Once the documentation is received, the DDF will draft the Rescript remitting the censures, signed by the Prefect and by the Secretary of the Doctrinal Section, and will send it to the Ordinary authorising him to receive the priest for a probationary period “of at least one year and not more than three,” at the end of which incardination may proceed. If the probationary period does not conclude successfully, the Ordinary must return the Rescript to the Dicastery, together with a report on the reasons for non-incardination.
The laity: imputability assessed case by case
The second text addresses “the question of imputability or degree of subjective responsibility” of the lay faithful who have formally adhered to the FSSPX or who frequent its chapels and request entry into full communion with the Catholic Church. The Dicastery warns that the imposition of a penalty on these laypeople “cannot be presumed automatically, but must be assessed case by case,” since imputability requires “full knowledge and deliberate consent.”
As examples of proven imputability, the document mentions two situations: laypeople who belong to the Third Order of the FSSPX and those who habitually participate in its celebrations “formally sharing its doctrinal positions.”
By contrast, those who have frequented the Fraternity “only for liturgical or spiritual reasons” are not considered imputable, nor are those who, although aware of the tensions with the Holy See, “do not reject the Magisterium or the authority of the Roman Pontiff.”
For the first two situations, the reconciliation procedure consists in presenting the signed Professio fidei and Formula adhaesionis to the local Ordinary. The Ordinary will receive them “at the times and in the manner he deems most appropriate,” and may, if suitably adapted, use the Rite of admission to full communion with the Catholic Church for those already validly baptised. For the other two situations, “it will suffice to approach a priest in full communion, with the decision not to frequent the Priestly Fraternity of Saint Pius X in the future.”

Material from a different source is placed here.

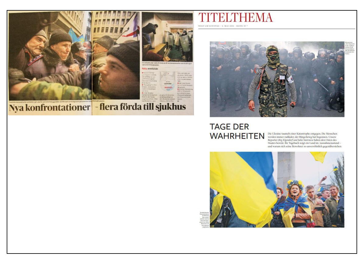
Figure 1. Visualizing a divided nation.

The annexes: profession of faith and formula of adherence
The Professio fidei (Annex A) reproduces the Nicene-Constantinopolitan Creed and the three customary clauses of the 1989 profession of faith: faith in what has been divinely revealed, firm acceptance of definitive teachings on faith and morals, and the “religious assent of will and intellect” to non-definitive authentic magisterial teachings.
The Formula adhaesionis (Annex B) requires a promise of fidelity to the Catholic Church and to the Roman Pontiff, abstaining “from any public statement” contrary to his person or his Magisterium (citing canons 1373 and 1365); acceptance of the doctrine of n. 25 of the dogmatic constitution Lumen Gentium on the Magisterium and the adherence due to it; the obligation, with regard to the doctrines of the Second Vatican Council or subsequent liturgical and canonical reforms “that may seem difficult to reconcile with previous declarations of the Magisterium,” to follow “a positive line of interpretation under the guidance of the Magisterium”; a declaration accepting the validity of the Sacrifice of the Mass and of the sacraments celebrated according to the typical editions of the liturgical books promulgated by Paul VI and John Paul II; and a promise of adherence to the common discipline of the Church, first and foremost the 1983 Code of Canon Law.
A change of cycle
The new procedure represents a hardening compared with the line followed in recent decades. Benedict XVI lifted the excommunications of the four bishops consecrated in 1988 in 2009, and Francis granted the priests of the Fraternity faculties to validly hear confessions (2015, extended indefinitely in Misericordia et misera) and a channel for delegation in marriages (2017). The new document, which expressly contemplates the existence of censures to be remitted both in priests and in certain laypeople, is published in the immediate context following the episcopal consecrations in Écône, carried out without a pontifical mandate.